60-Second Chocolate Chip Mug Cookie
You are only a minute or so away from a decadent, delicious, chocolate chip mug cookie made start-to-finish in a mug and “baked” in the microwave!
This delightful mug cookie is our go-to treat fix when we want something sweet and tasty in a hurry!

A Few Tips to Make the Perfect Mug Cookie
After over a decade of making this chocolate chip mug cookie (regularly!), here are a few key tips to make sure it turns out perfectly!
- Use a microwave-safe mug or ramekin (a 6-ounce size works best).
- Mix the wet ingredients together first before adding the flour and chocolate chips.
- Measure the flour with a light hand (don’t pack it in). Too much flour and the cookie will be dry and crumbly.
- Follow the IMPORTANT microwave tips below. ⬇️
- Eat it warm! Right out of the microwave, preferably, with a scoop of ice cream.
The texture of the mug cookie is best right out of the microwave. As it cools, the texture hardens, so let me repeat: EAT THE COOKIE WARM! (Thanks for your patience while I shout in all caps – it’s an important message 😉).

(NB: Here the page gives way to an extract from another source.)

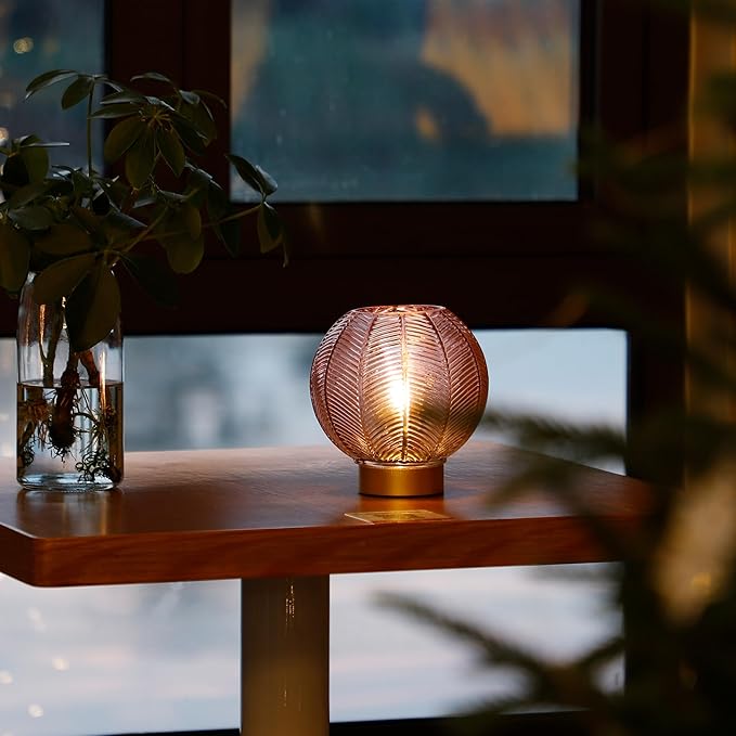 - 🌿【MODERN GLASS BATTERY LAMP】 Our battery operated lamp is made of high quality glass, which features a modern elegant style and is suitable for all styles of home decor. There are 5 colors available to choose — Red, Green, Amber, Gold, Grey. You can decor your home by putting this modern lamp any where and when you turn on the cordless lamp, it emits beautiful luminous light and adds romance to your home. Must be a nice addition for your bedroom and hallway...

Important Microwave Cooking Instructions


Managing Expectations: Mug Cookie vs Fresh-Baked Cookie
After reading hundreds of comments on this chocolate chip mug cookie recipe over the last ten years, I think there is one thing we can all agree on:
A microwaved cookie is NEVER going to taste like a fresh-baked traditional chocolate chip cookie. So manage your expectations accordingly!
But, if you have a cookie craving and need to fill it within seconds, this chocolate chip mug cookie is for you!
Topped with a scoop of ice cream (and maybe even a drizzle of hot fudge), it is so yummy! The perfect go-to treat when you don’t feel like firing up the oven and making an entire batch of cookies.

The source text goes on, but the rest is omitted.